I have tried to solve the Exercise 8.12, page 227, in Joseph J. Rotman, An Introduction to the Theory of Groups, Fourth Edition, Graduate texts in Mathematics, Springer-Verlag, New York (1995).
The exercise is: Prove that $$PSL(2,9)\cong A_6.$$
Let $G:=PSL(2,9)$, I can see that $|G|=360=2^3.3^2.5$ and it is enough to show that $n_5\ne 36$ (where $n_5$ be the number of Sylow $5-$subgroups) but I stuck here.
Thanks.
All we need to do is to construct a subgroup of index 6 in $PSL_2(\mathbb F_9)$ (indeed, such a subgroup gives a non-trivial homomorphism to $S_6$; since $PSL_2(\mathbb F_9)$ and $A_6$ are both simple of the same order, this is an isomorphism).

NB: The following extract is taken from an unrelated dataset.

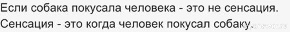 Вот с негодяями и нормальными то же самое. Кому интересно читать про нормальных людей? Это скучно! В нормальной жизни нормального человека не происходит ничего экстраординарного, "ненормального", того, что могло бы заинтересовать других, что выглядело бы необычно. Тогда как негодяи всегда готовы отчебучить что-то негодяйское, выходящее вон из ряда. Способны породить сенсацию. Пусть даже это чёрная сенсация (собственно, какую ещё от негодяев и ожидать-то...).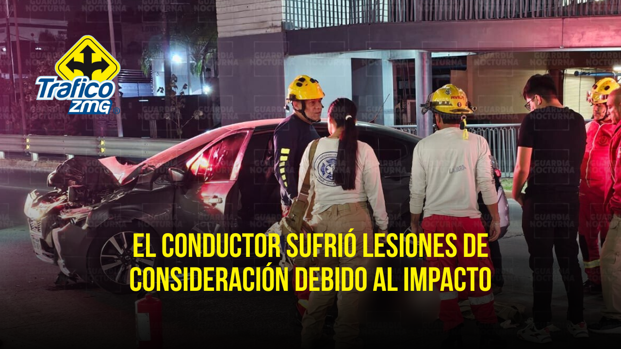 La madrugada del lunes, un aparatoso accidente automovilístico se registró en el carril de Mi Macro Periférico, a la altura de la estación Zoológico Guadalajara, cuando un conductor perdió el control de su vehículo. El hombre, de entre 30 a 35 años de edad, al parecer alcoholizado, invadió los topes divisorios del carril confinado, lo que provocó que el auto saliera proyectado.

Now there is a beautiful geometric construction of a (non-trivial) map $A_5\hookrightarrow PSL_2(\mathbb F_9)$: $A_5$ is the group of rotations of the dodecahedron so we have a map $A_5\hookrightarrow SO(3)\cong PSU_2\subset PSL_2(\mathbb C)$; this map is defined over $\mathbb Z[i,\frac12,\phi]$ (where $\phi$ is the golden ratio), and reduction mod 3 gives a map $A_5\hookrightarrow PSL_2(\mathbb F_3[i]\cong\mathbb F_9)$. Voilà.
An easy argument is given in p.52, R.A.Wilson, "The finite simple groups", Graduate texts in mathematics, Springer-Verlag.